The United States Supreme Court announced its intentions last week to review a case this coming spring that concerns student privacy. Gonzaga University graduate, Ru Paster, listed as John Doe for this case, accused his alma mater of defamation, invasion of privacy, breach of contract and negligence. Paster charged that the university included a frivolous accusation that had been made by Gonzaga faculty members of sexual misconduct with his transcript and passed that same information to the superintendent of Washington state schools. A jury ordered Gonzaga to pay $1 million for inhibiting Paster in his pursuit of a teaching job and the Washington Supreme Court upheld that decision.

Although the accusation of sexual assault itself is completely unfounded and has since been denied by both parties involved, the issue facing the Supreme Court is whether the release of the accusation was a violation of Paster”s privacy under the Family Educational Rights and Privacy Act, which it was.

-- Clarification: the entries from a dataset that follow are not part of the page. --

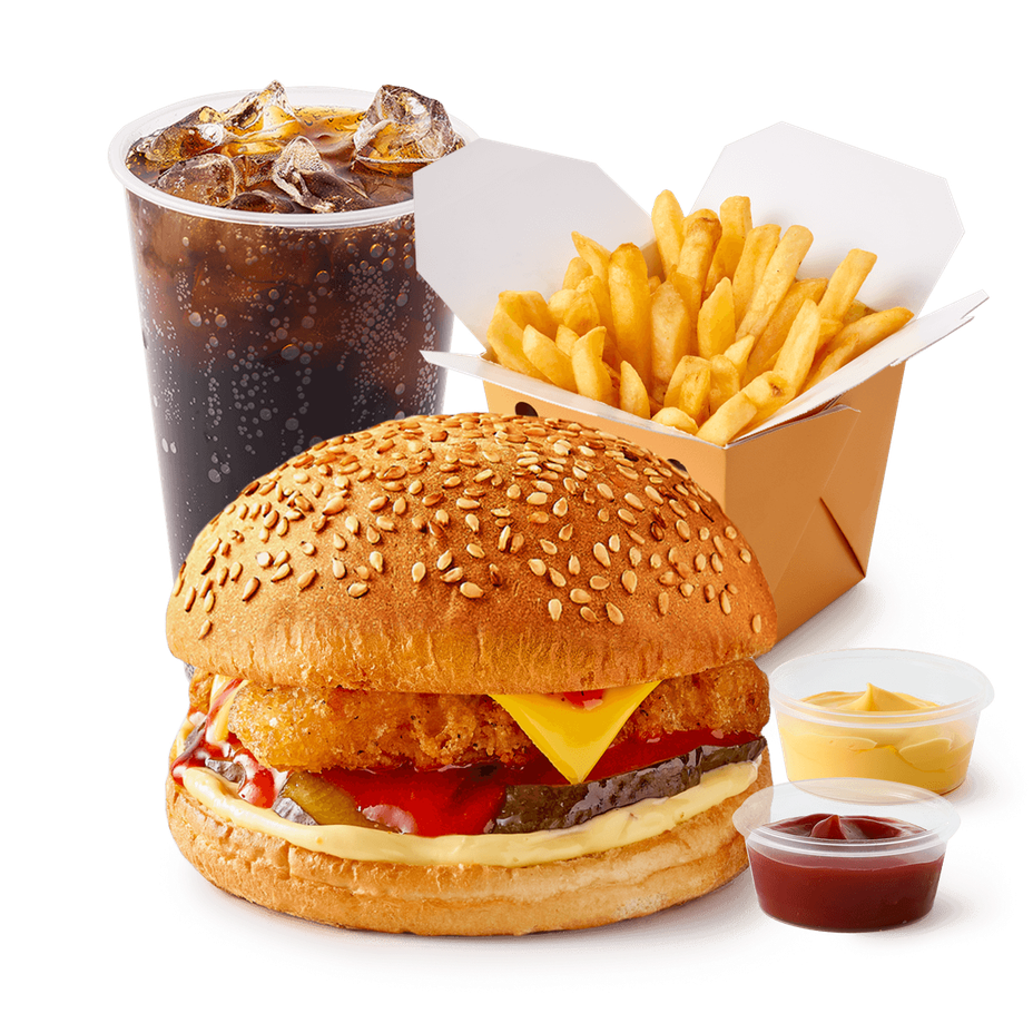 Бургер куриный острый «Из Лавки» + Большая порция Картофель фри с сырным соусом и кетчупом «Из Лавки» + Напиток Лимонад Coca-Cola со льдом «Из Лавки», 370 ml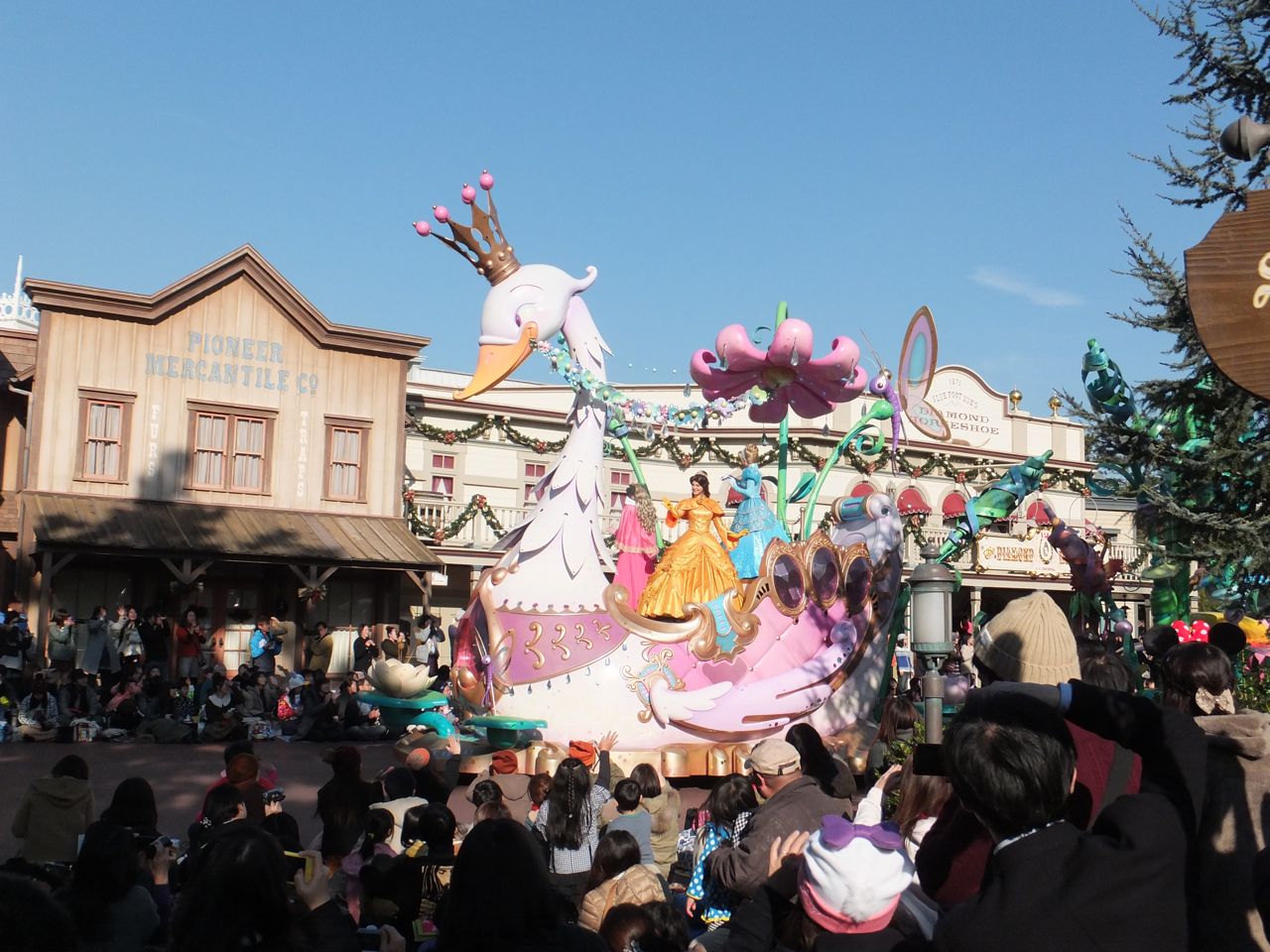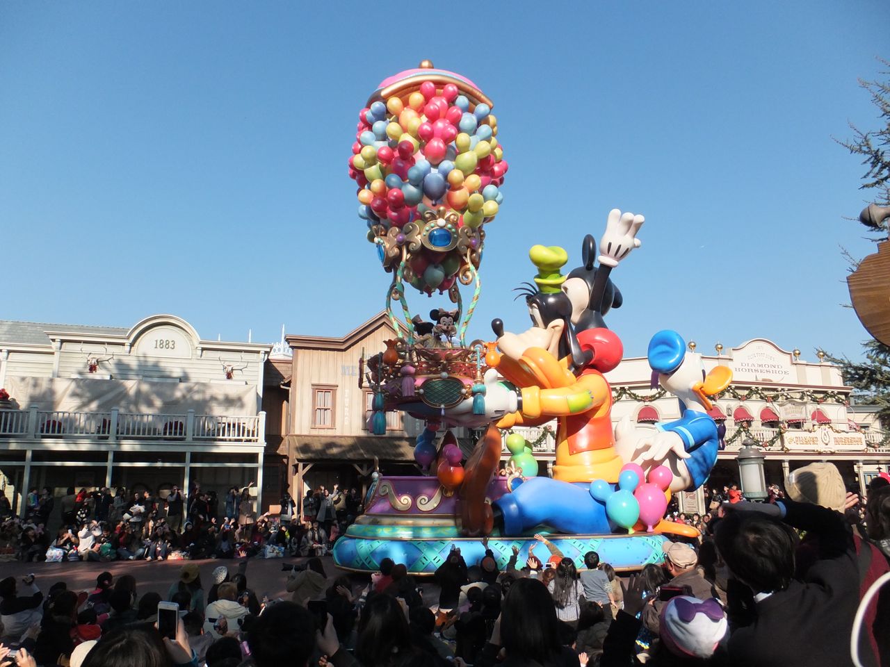 お昼すぎから始まる、ディズニーの30周年記念の曲に乗ってすすむパレード。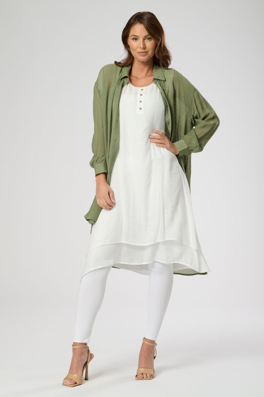 The Saloos Khaki Layered Dress with Dip Back Shirt is available in sizes 14, 16.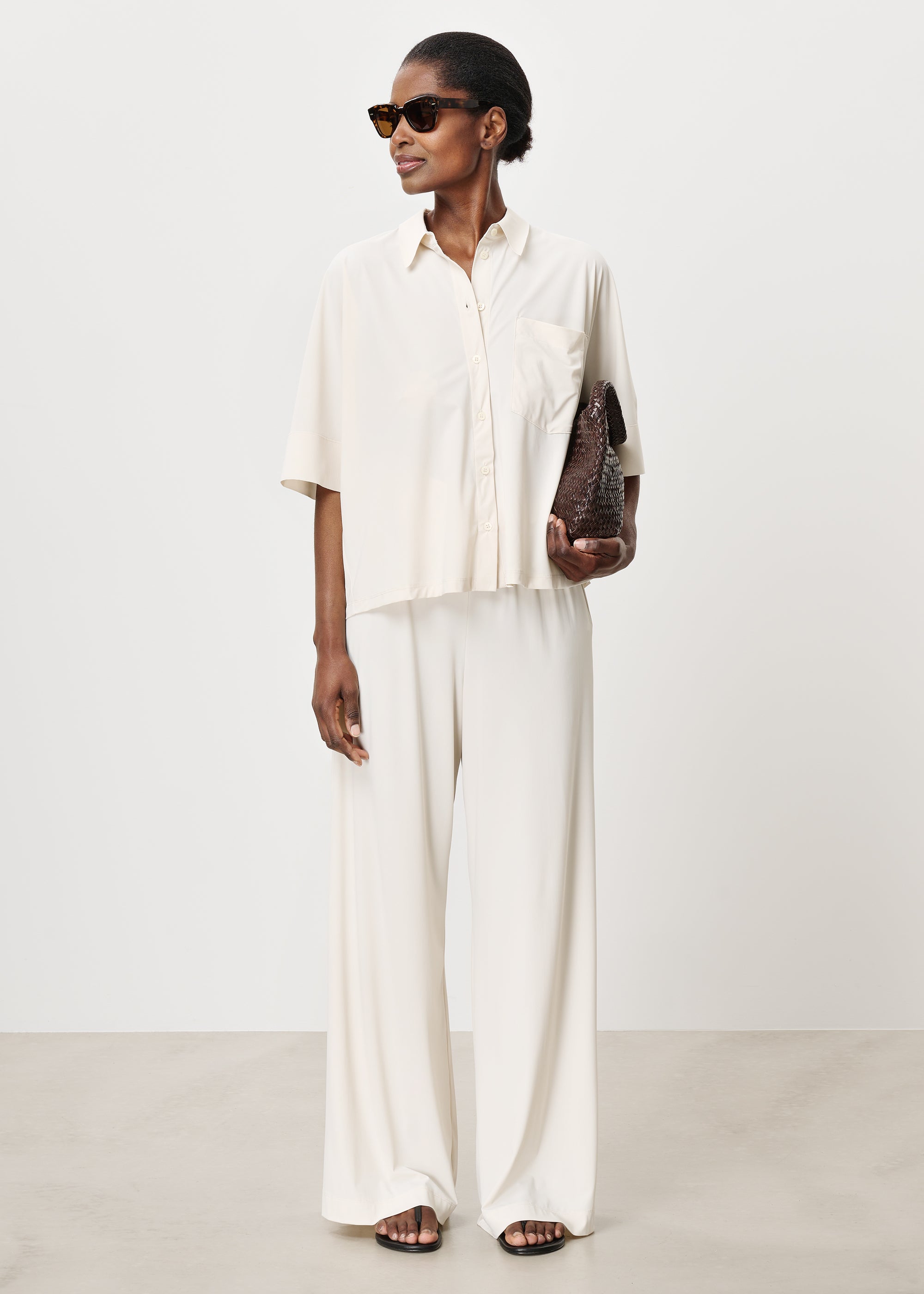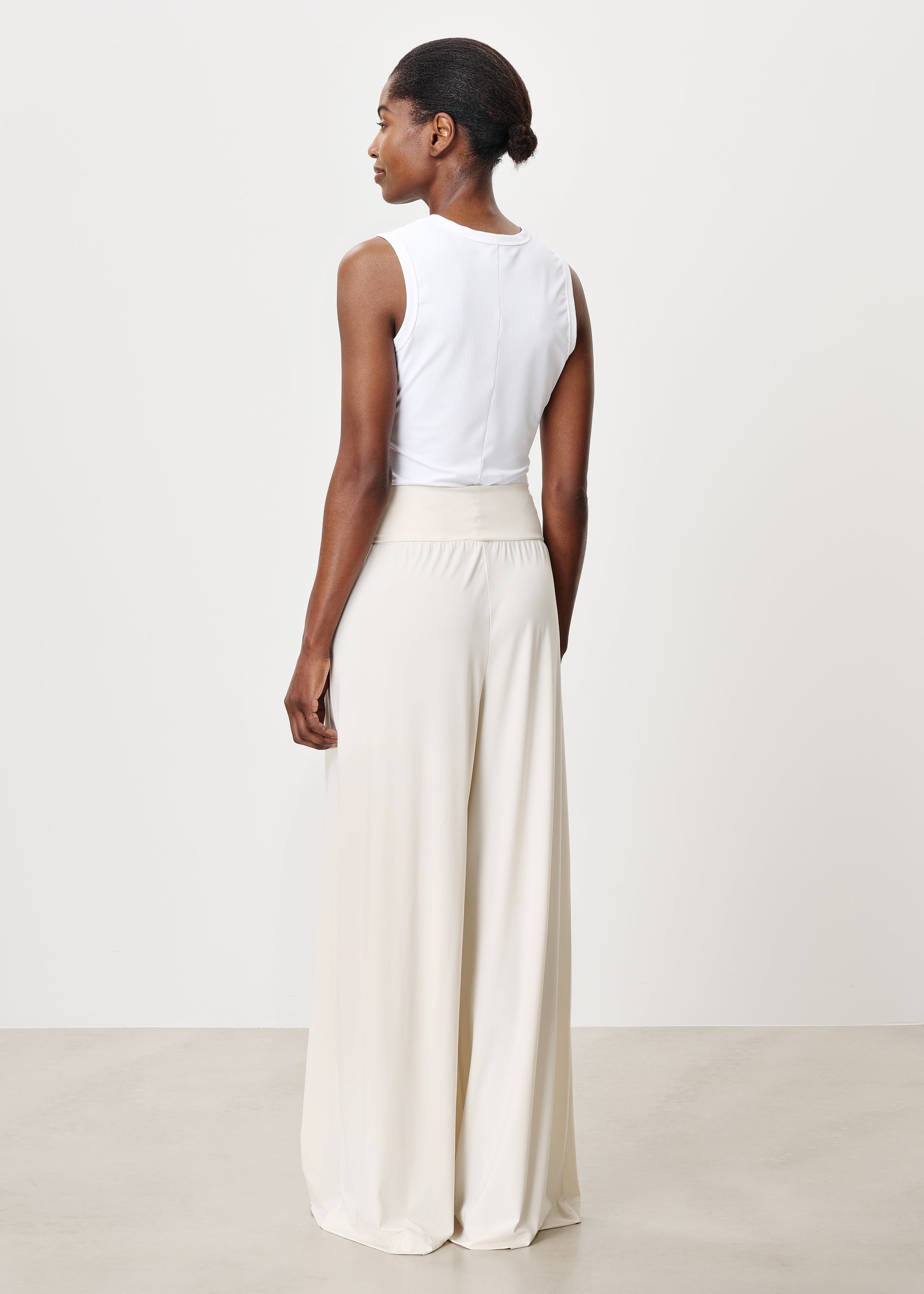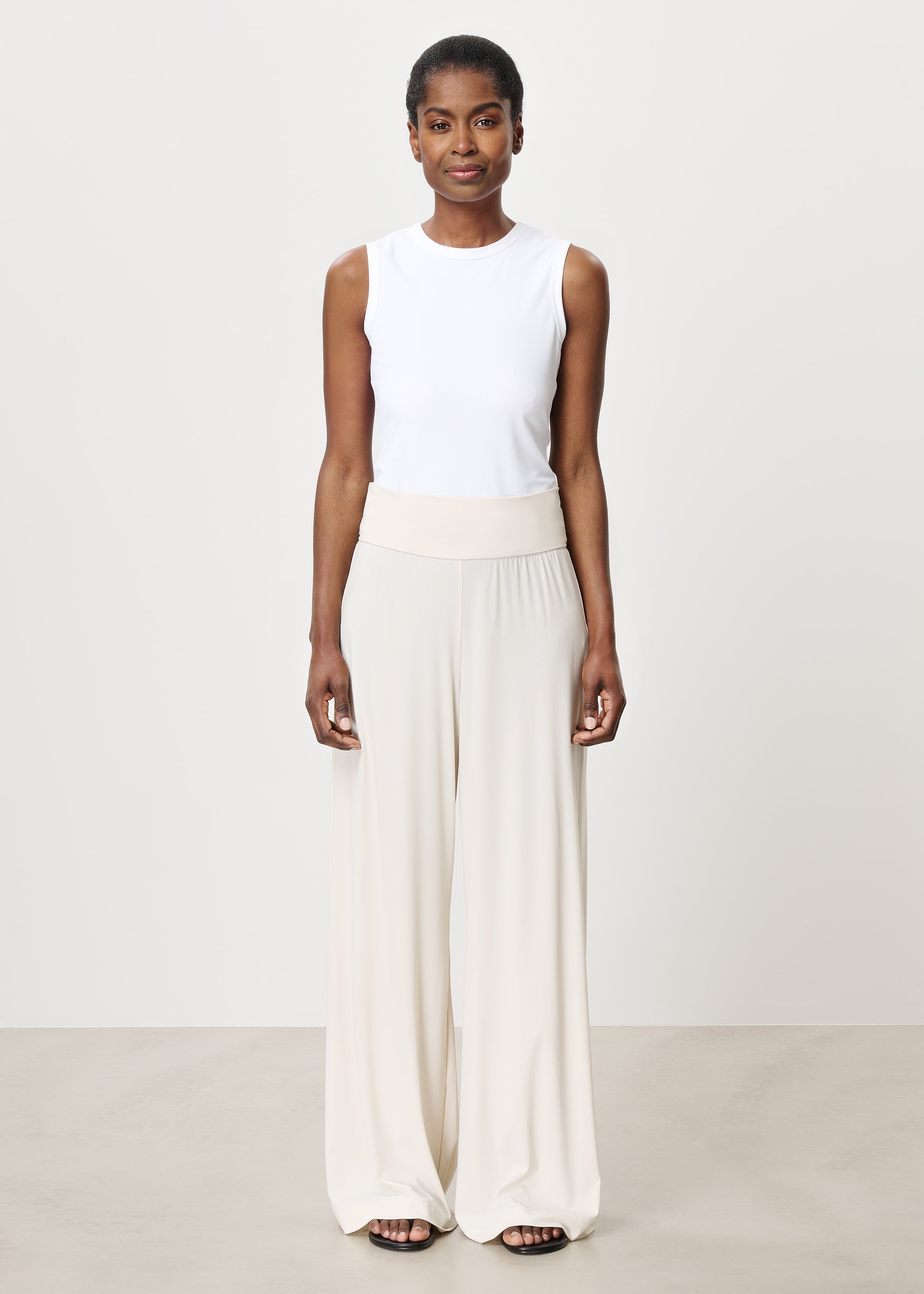Wijde palazzo-broek in Italiaanse, lichtgewicht TRVL jersey. De omgevouwen tailleband zorgt voor een perfecte pasvorm en het ultieme comfort.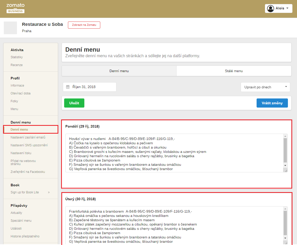 V administraci profilu restaurace přejděte na část Denní menu, kde do jednotlivých textových poli, představujících dny v týdnu, vepište vaši nabídku jídel a uložte.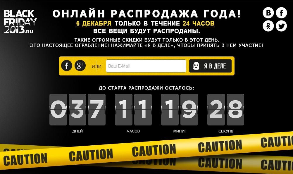 Уже 6 декабря российские пользователи смогут приобрести одежду, книги, косметику, электронику и тысячи других товаров со скидкой до 90%. Для этого им нужно будет воспользоваться услугами проекта BlackFriday2013, совместно с которым крупнейшие российские онлайн-ритейлеры проводят «чёрную пятницу» тотальных распродаж.

The Supreme Court should not allow an institution of higher learning, even a private institution, to disclose any information concerning its disciplinary measures. Such independent collegiate judicial systems are often unreliable and usually unnecessary. Like the Statement of Student Rights and Responsibilities, the University of Michigan”s disreputable non-academic disciplinary system (formerly known as the Student Code of Conduct), Gonzaga”s judicial policy relies heavily on hearsay evidence. Because disciplinary systems like those at the University and Gonzaga tolerate hearsay and allow various other violations of due process, these universities prosecute and sentence students while ignoring national legal standards of evidence and the burden of proof.

Despite the questionable practices of administering discipline at Gonzaga University, Paster”s status never surpassed that of the accused. Apparently, Gonzaga University considered a simple accusation enough of an indictment to warrant informing potential employers. But without prior knowledge regarding the extent of the allegation”s capriciousness, employers will likely give the information undue consideration. In reviewing Paster”s case, the Supreme Court must realize that allowing disciplinary records to pass beyond the University gives credence to the findings of irresponsible, private judicial systems that mock the practice and purpose of federal and state law.

University discipline systems ignore the fact that a system of law already exists in the United States. Many cases that are reviewed by collegiate punitive boards, including sexual assault, are concomitantly tried by much more responsible federal or state judicial systems. Students are thus placed in double jeopardy by their institutions, a practice that violates the very spirit of a national system of law. The use of hearsay evidence in decisions and the disregard for legal standards like reasonable doubt and innocence until proven guilty give their decisions little credibility. Regardless of the institution to which they may belong, students are entitled to a fair trial.

In Paster”s case, this means he has a right to be judged by potential employers on real credentials, not frivolous accusations. The Family Educational Rights and Privacy Act is meant to protect students from such damaging, personal and unreliable information and should be upheld by the Supreme Court.